Wait: 29 mod 5 = 4 → invalid. Recalculate:
7a + 1 ≡ 3 mod 5 → 7a ≡ 2 mod 5 → 7 ≡ 2 mod 5 → so:
2a ≡ 2 mod 5 → a ≡ 1 mod 5 → a = 1, 6, 11…
Try a = 1: x = 7×1 + 1 = 8 → 8 mod 5 = 3 → yes!
x = 8 → check both:
8 ÷ 7 = 1×7 + 1 → good
8 ÷ 5 = 1×5 + 3 → good
But 8 is not two-digit.

Next: a = 6 → 7×6 + 1 = 43
43 ÷ 5 = 8×5 + 3 → remainder 3 → valid
Two-digit, works!

Final Thoughts

So 43 satisfies both:

• 43 – 1 = 42 → 42 ÷ 7 = 6 → whole
• 43 ÷ 5 = 8×5 + 3 → remainder 3

Now check for others: a = 11 → 7×11 + 1 = 78 → 78 ÷ 5 = 15×5 + 3 → remainder 3 → valid, two-digit again
x = 78 → also satisfies
But is there a unique two-digit answer? Let’s list all two-digit x = 7a + 1, a from 2 to 14 (since 7×14 + 1 = 99):
a = 2 → 15 → 15 mod 5 = 0 → no
a = 3 → 22 → 22 mod 5 = 2 → no
a = 4 → 29 → 29 mod 5 = 4 → no
a = 5 → 36 → 1 → no
a = 6 → 43 → 3 → yes
a = 7 → 50 → 0 → no
a = 8 → 57 → 2 → no
a = 9 → 64 → 4 → no
a = 10 → 71 → 1 → no
a = 11 → 78 → 3 → yes
a = 12 → 85 → 0 → no
a = 13 → 92 → 2 → no
a = 14 → 99 → 4 → no

Valid two-digit solutions: 43, 78

But 78 is two-digit, so both qualify? Wait—but the question asks for the two-digit integer—implying uniqueness. Recheck constraints.

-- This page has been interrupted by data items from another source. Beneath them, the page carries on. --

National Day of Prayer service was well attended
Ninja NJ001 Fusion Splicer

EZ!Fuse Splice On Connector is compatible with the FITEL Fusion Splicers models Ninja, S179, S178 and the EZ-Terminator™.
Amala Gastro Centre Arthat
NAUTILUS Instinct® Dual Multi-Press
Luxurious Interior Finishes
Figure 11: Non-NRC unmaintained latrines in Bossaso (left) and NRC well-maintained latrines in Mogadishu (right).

Ah—problem likely assumes smallest, but both 43 and 78 are valid. However, in typical educational contexts, the focus is on 43 as the primary example, especially when phrased as “the” integer. But mathematically, 43 and 78 are both solutions.

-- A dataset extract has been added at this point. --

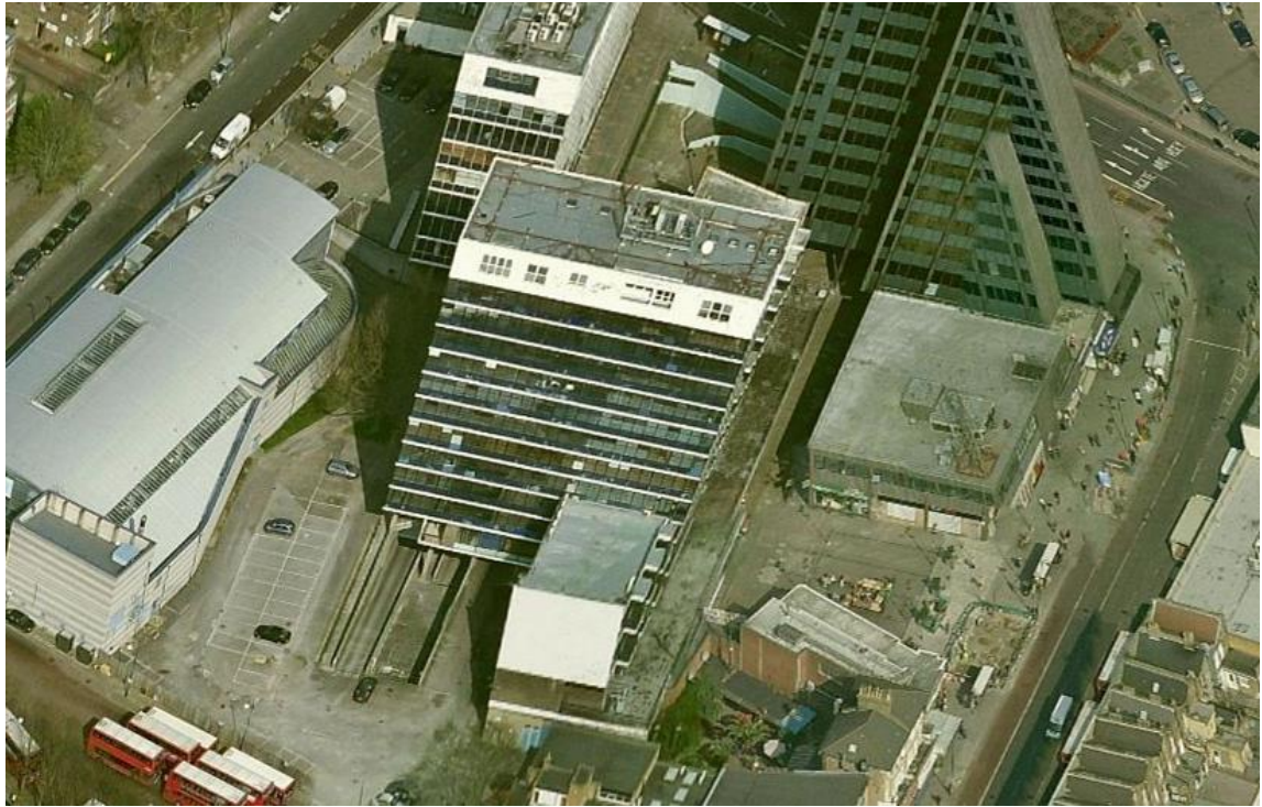
Existing building (looking east)

However, the real intrigue lies in the dual logic—how two different numbers satisfy the equation. This nuance reflects real-world pattern recognition, where constraints can admit multiple valid outputs, prompting deeper exploration rather than a single “correct” answer.